We almost made it until my two year old began stripping all his clothes off down to his nude birthday suit on your back deck. My infant was crying and exhausted so I tried nursing her upstairs in your master bedroom but my baby kept screaming. She wanted her swaddle and she wanted her bed.

And lastly. We didn’t have pee pee pants but one of my boys was too scared to ask to go to the bathroom with the big crowd so he just pooped in his underwear instead. This evening’s consellation was poopy pants in my purse. My child pooped his pants at your house.

We had a great time but the drama. Oh the drama my kids certainly like to save it for their mama. 

Last night, I invited you to my house for dinner instead. I thought in my own house I could control the poop and the pee and the chocolate covered fingers and faces. I thought while my kids played with their own toys I could look you in the eye and chat about your marriage, your job and ask you what God is teaching you. I thought maybe we could joke and laugh around my table of mismatched silverware and a bottle of red wine.

I love my kids to pieces but they brought slugs and caterpillars in from outside to show you at the table. I love them to pieces but two of them pooped in their pants together outside while playing in on the swing set. And then my oldest child barfed. Right in the middle of the kitchen, coating the hardwoods with the soup I just served everyone and reeking up the house so badly you couldn’t even smell that Yankee Candle I lit for you anymore.

I apologized again and thank youed you for coming as my kids blew kisses and chased your car down the road. They said, “See you soon” as they chased you.

Phew I thought.

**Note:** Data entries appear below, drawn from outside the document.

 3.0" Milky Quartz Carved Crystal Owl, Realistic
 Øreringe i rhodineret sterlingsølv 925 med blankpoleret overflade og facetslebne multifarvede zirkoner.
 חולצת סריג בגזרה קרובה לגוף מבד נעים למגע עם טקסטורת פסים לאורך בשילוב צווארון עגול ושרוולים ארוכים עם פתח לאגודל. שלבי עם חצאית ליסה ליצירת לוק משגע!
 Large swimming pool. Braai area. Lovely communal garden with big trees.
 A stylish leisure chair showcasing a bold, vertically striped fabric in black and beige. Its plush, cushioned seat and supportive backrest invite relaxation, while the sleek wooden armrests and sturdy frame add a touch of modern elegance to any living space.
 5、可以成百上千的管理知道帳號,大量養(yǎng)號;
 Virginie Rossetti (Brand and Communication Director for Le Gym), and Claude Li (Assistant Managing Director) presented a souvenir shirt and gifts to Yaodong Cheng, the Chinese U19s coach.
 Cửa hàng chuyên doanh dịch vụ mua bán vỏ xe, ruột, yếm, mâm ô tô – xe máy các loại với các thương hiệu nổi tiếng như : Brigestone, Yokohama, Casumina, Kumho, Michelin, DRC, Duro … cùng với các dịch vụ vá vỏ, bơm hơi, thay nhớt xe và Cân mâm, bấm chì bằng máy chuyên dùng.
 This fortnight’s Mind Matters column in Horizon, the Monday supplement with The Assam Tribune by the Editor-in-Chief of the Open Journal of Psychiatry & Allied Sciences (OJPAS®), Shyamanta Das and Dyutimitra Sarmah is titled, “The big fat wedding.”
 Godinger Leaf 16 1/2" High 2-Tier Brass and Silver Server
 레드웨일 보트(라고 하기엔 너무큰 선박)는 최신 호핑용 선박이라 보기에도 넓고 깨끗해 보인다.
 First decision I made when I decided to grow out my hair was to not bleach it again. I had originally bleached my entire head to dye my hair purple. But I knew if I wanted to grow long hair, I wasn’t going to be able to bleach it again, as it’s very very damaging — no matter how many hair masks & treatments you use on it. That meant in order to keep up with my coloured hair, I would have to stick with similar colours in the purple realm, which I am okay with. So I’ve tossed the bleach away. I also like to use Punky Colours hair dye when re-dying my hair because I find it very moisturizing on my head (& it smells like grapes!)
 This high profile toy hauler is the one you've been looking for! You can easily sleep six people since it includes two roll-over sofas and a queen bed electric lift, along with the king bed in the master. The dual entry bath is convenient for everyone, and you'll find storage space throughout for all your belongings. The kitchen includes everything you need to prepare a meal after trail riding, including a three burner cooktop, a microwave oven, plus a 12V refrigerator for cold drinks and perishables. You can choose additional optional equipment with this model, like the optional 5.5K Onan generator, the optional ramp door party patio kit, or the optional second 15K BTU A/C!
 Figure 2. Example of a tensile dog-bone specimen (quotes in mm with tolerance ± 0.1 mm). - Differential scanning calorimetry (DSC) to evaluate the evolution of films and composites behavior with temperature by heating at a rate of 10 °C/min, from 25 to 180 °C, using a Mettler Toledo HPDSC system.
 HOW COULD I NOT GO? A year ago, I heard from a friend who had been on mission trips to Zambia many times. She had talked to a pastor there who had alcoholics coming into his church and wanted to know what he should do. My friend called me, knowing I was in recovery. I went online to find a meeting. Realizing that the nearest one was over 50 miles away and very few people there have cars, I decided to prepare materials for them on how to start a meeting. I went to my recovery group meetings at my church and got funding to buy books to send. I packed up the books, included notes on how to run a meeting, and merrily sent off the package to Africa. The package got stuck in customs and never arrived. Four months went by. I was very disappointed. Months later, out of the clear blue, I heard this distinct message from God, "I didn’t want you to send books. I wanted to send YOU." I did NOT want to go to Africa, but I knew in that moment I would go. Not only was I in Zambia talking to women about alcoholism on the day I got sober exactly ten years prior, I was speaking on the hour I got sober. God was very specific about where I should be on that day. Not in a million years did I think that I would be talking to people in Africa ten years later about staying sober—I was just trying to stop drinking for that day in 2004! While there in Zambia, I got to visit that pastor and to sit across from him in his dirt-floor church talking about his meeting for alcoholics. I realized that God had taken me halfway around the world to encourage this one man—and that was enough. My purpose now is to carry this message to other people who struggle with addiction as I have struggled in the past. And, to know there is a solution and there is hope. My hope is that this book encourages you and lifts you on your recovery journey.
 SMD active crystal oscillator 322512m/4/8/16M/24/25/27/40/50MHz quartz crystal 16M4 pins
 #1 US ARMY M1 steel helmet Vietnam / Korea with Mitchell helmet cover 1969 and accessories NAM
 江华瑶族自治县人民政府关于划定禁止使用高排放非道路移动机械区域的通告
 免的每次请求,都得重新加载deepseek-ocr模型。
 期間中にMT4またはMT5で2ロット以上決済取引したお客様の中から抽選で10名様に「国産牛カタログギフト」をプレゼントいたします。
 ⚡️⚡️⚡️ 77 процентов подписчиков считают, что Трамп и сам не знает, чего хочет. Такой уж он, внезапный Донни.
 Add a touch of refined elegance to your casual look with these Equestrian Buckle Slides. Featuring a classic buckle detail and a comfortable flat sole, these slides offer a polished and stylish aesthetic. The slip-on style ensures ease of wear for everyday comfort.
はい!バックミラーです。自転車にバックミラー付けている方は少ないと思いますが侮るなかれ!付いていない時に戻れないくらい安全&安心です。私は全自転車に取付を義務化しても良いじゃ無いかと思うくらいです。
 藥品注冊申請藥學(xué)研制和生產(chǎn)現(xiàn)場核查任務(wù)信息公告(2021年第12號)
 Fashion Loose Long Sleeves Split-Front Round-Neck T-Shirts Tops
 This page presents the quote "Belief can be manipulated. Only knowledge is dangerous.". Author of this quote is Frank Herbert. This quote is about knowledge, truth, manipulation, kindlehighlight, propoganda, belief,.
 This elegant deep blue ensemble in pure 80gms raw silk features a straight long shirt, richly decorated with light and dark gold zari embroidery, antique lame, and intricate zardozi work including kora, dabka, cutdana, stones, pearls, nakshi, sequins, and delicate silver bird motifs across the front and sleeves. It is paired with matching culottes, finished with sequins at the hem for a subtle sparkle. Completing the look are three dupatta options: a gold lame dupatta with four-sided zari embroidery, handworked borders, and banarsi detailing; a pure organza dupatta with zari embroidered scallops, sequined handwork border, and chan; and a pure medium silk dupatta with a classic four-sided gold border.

I don’t think I can do this again for a long time let alone soon the tension in my neck started to come as I thought about it.

I love my kids to pieces. But this is why I have politely been declining your dinner invitation for so long. It’s not how I feel about you, it’s how I feel about pee pee pants in your house. Maybe in a few years once we are beyond the pee pee pants and the strip shows can we look you and your husband in the eye and chat over dinner.

For now it will just have to be the hubs and I, shoveling the food in our mouths and living these crazy years with littles laughing together. We love them to pieces but we’ll keep them and their pee pee pants to ourselves at dinner time.